Blood glucose levels of 192 F₂ surface–Tinaja hybrids of the indicated genotype 24 h after feeding. All of the fish with elevated blood glucose (greater than 60 mg dl⁻¹) carry the P211L allele. Median, 25th, 50th and 75th percentiles (horizontal bars), and error bars at 1.5× interquartile ranges

Extended Data Figure 6. Egg mass is a confounding variable in female fish.

a, Image of an F₂ surface–Tinaja hybrid female and removed gonad, of indicated weights. b, Histogram displaying per cent gonad weight (gonad weight/total weight, multiplied by 100) of 62 F₂ surface–Tinaja hybrid females fed 6 mg per day for 4 months (minimum = 3.57, 1st quartile = 10.64, median = 13.96, mean = 13.96, 3rd quartile = 17.57 and maximum = 41.86)

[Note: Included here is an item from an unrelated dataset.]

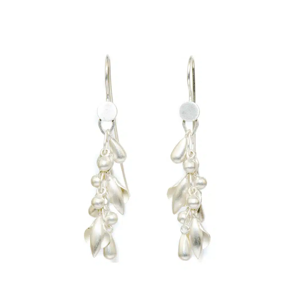 Schöne lebendige Silber Ohrhänger mit viel Schwung Sie sind lang und baumeln mit verschiedenen Ornamenten, die von der Wisteria Pflanze inspiriert sind. Sie können diese Ohrringe mit einem Armband und einer Halskette kombinieren, um ein perfektes Paar zu erhalten.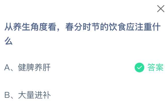 从养生角度看,春分时节的饮食应注重什么?支付宝小鸡课堂开课啦!每天只需花一分钟,动动手指答对问题,180g饲料立马到账!看着自家小鸡吃得饱饱的,还能顺便捐个爱心,一举两得!2026年3月20日蚂蚁庄园的小鸡课堂题目正确答案是【健脾养肝】,从养生角度看,春分时节的饮食应注重健脾养肝。

Extended Data Figure 7. Genome editing strategy.

CRISPR–Cas9 mediated genome editing strategy in exon 3 of the insulin receptor a (insra) zebrafish gene. The guide RNA target sequence is emphasized in bold in both the reverse strand of the wild-type genomic DNA and in the ssODN. The intended SNP exchanges are underlined, and the specific C632T to alter the P211 to L is denoted with a star. Both ends of the ssODN are protected by three phosphorothioate bonds, denoted with asterisks. The protospacer adjacent motif is shown in orange

Extended Data Figure 8. Scale growth is impaired in the insra zebrafish mutant.

a, Quantification of scale size in zebrafish of the indicated genotype; each point represents the mean scale size of an individual fish based on the measurement of 10–14 scales removed from the left side of the body from the posterior edge of the dorsal fin to the posterior edge of the ventral fin by gentle scraping with a scalpel. Wild type (P), n = 4, P211L mutant (L), n = 3. b, c, Representative images of scales stained with 0.005% calcein with contrast and brightness adjusted to show scale edges. Significance calculated using two-way t-test of mean values, * P < 0.05.